Important Message for Perspective Students


  • No programming; all theory: This course is purely theoretical. It does not involve programming, real-world implementation, or software engineering considerations.
  • Difficulty level: The course assumes that students have basic undergraduate-level mathematical maturity. In particular, it relies on probability theory as a foundational tool. You can expect a difficulty level and workload comparable to those of CSCI3360 Design and Analysis of Algorithms.


Grading Scheme


  • Quizzes (20%): There will be two quizzes, each accounting for 10%. The quiz times will be announced one week in advance.
  • Midterm (46%): There will be one midterm exam. Although it's called a "midterm," it will actually take place in the later weeks of the course (e.g., between Week 12 and Week 15). The exact time of the midterm will be announced at least one week in advance. This scheduling ensures that the exam occurs after most of the course material has been covered. It also compensates for the fact that this course does not have a final exam!
  • Group Homework (14%): There will be two problem sets, each worth 7%. Students are allowed to form groups and submit one joint solution. More details will be announced later.
  • Group Project (20%): Students will work in groups to choose a computational-complexity paper published at a reputable conference (e.g., STOC/FOCS/SODA/ICALP), write a report, and give a presentation. More details will be provided in due course.


Textbooks


All-in-one lecture notes (will be available soon...): This document contains all the notes used for both lectures and tutorials. Most of the teaching in this course will not use slides; instead, the instructor will use the whiteboard. This is a common practice in mathematical or theoretical courses, as it better demonstrates derivations, calculations, and proofs. To help students grasp the material and have a single set of notes for review, we provide these all-in-one lecture notes. This document will be updated periodically as the course progresses.

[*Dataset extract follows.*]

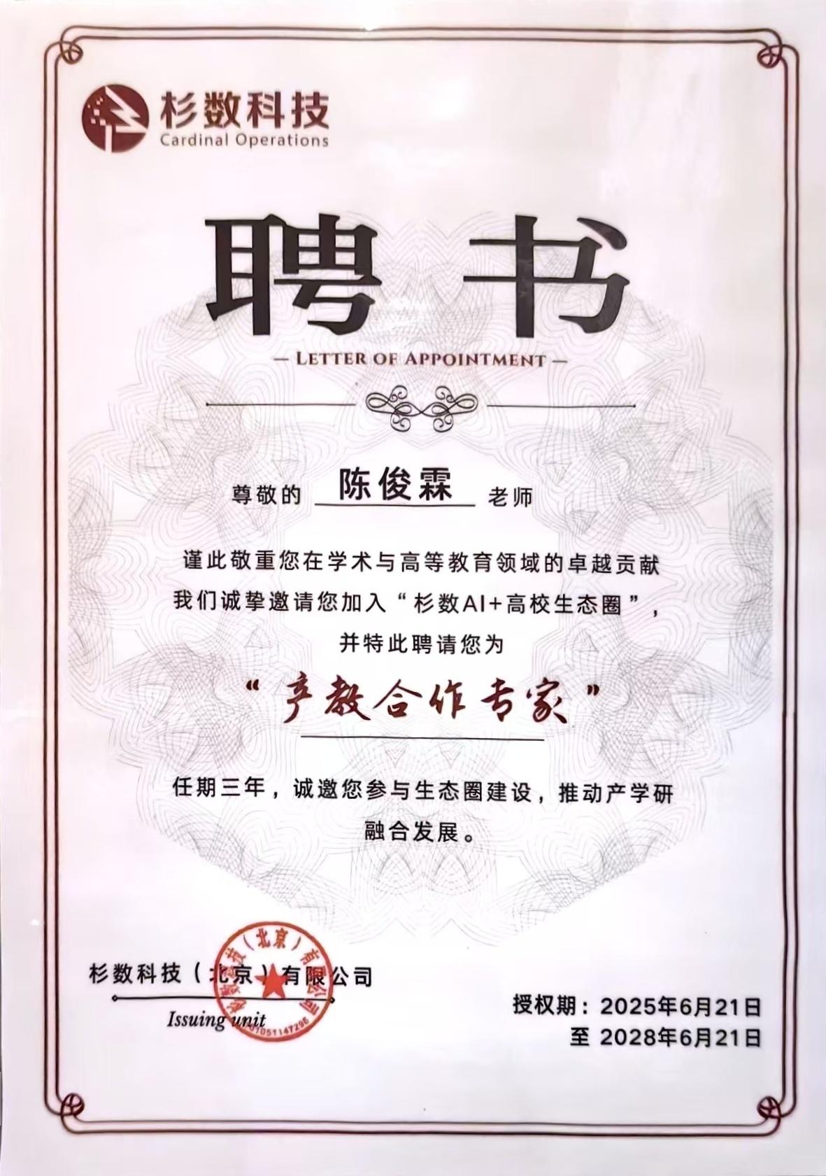 陈俊霖教授正式受聘为杉数科技的产教合作专家,体现了公司在深化产教融合和加强与行业合作方面的持续努力。杉数科技作为技术领先的企业,将为公司提供技术支持和行业视野,助力提升公司在智能决策、大数据等领域的教学和研究水平。此次合作将促进学科发展,培养更多具备创新能力的高素质人才,为社会科技进步和经济发展做出积极贡献。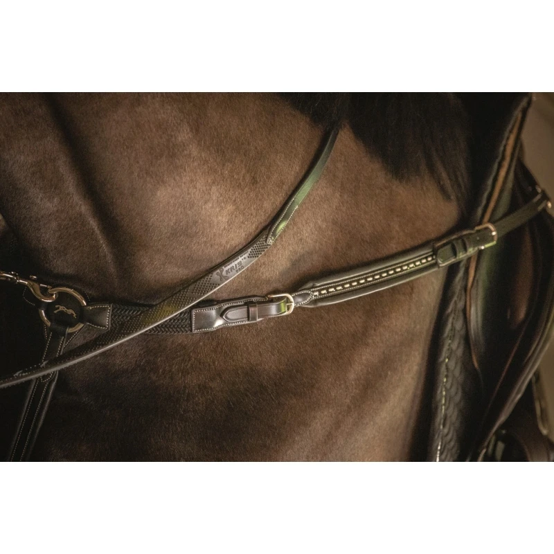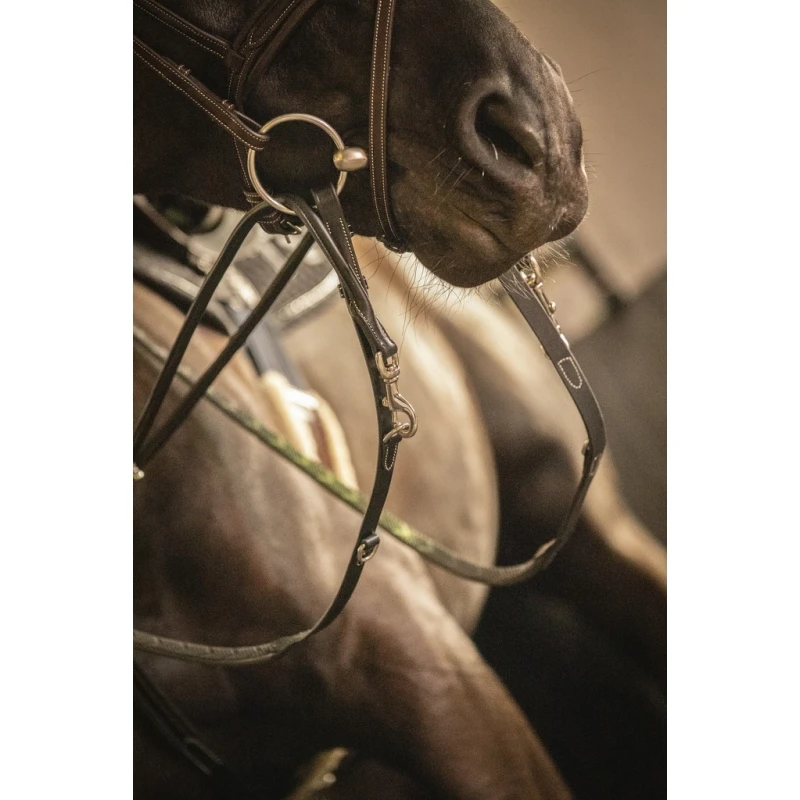 Enrênement Howlett Pénélope compatible avec notre martin collier. Il se fixe sur l’anneau central du martin collier, et permet au cheval de travailler en montant sa ligne de dos. Lorsque le cheval cède, l’enrênement Howlett cède lui aussi et permet d’éliminer les nuisances de la main du cavalier. Il s’utilise avec notre paire de rênes Howlett Pénélope.

The following are some useful supplementary materials. The relevant sections will be indicated in the weekly schedule below:

Weekly Schedule


Week Date Lecture Topics Tutorial Topics
01 2026-09-07 TBD TBD
2026-09-08 TBD
02 2026-09-14 TBD TBD
2026-09-15 TBD
03 2026-09-21 TBD TBD
2026-09-22 TBD
04 2026-09-28 TBD tutorial cancelled (National Day)
2026-09-29 TBD
05 2026-10-05 TBD TBD
2026-10-06 TBD
06 2026-10-12 TBD TBD
2026-10-13 TBD
07 2026-10-19 lecture cancelled (the day following Chung Yeung Festival) TBD
2026-10-20 TBD
08 2026-10-26 TBD TBD
2026-10-27 TBD
09 2026-11-02 TBD TBD
2026-11-03 TBD
10 2026-11-09 TBD TBD
2026-11-10 TBD
11 2026-11-16 TBD TBD
2026-11-17 TBD
12 2026-11-23 TBD TBD
2026-11-24 TBD
13 2026-11-30 TBD TBD
2026-12-01 TBD

Additional Information


Course Description: This course offers an introduction of the field of computational complexity, a cornerstone of theoretical computer science (TCS) that studies the inherent difficulty of computational problems and classifies them according to their computational resources, such as time and space. The course is designed to elucidate the pivotal role of computational complexity in shaping the landscape of modern computing, with emphasis on its connections to algorithm design and related areas. Students will gain a broad view of how complexity theory informs and is informed by other scientific and technological domains. Interdisciplinary connections to artificial intelligence, cryptography, and quantum computing may also be covered if time permits; these topics are optional and will depend on this year's teaching progress and the students' learning pace.

Tentative topics:
  • Resources for computation (time, space, nondeterminism, randomness) and their associated complexity classes
  • Relationships among resources (P vs NP and more), reductions, and completeness
  • Space complexity: PSPACE, L, NL
  • Randomized computation: RP, BPP
  • Basic circuit complexity (P/poly, NC, and more)
  • Counting: #P, Toda's Theorem, approximate counting
  • (If time permits:) Alternation: the polynomial hierarchy, time-space trade-offs for SAT
  • (If time permits:) Interactive proofs (AM, MA, IP)
  • (If time permits:) Probabilistically checkable proofs (PCP) and non-approximability
  • (If time permits:) Large Language Model vs Complexity Theory: the use of LLMs for theorem proving, proof verification, and complexity-theoretic implications of LLMs
  • (If time permits:) average-case complexity and connections to cryptography, including TFNP, Kolmogorov complexity, one-way functions, factoring, discrete logarithm, and Diffie-Hellman
  • (If time permits:) quantum complexity classes, including BQP, QMA, PostBQP, quantum auxiliary advice, hidden subgroup problems, and (local) Hamiltonian problems

Classes During Adverse Weather: Summer (i.e. May – Oct.) is the typhoon/adverse weather season in Hong Kong. It is likely that some classes will be affected. We will follow the University's official policy on adverse weather. For details, please refer to the relevant section in the Undergraduate Student Handbook: General Arrangements for Classes and Examinations on Approach of Typhoons and Rainstorms.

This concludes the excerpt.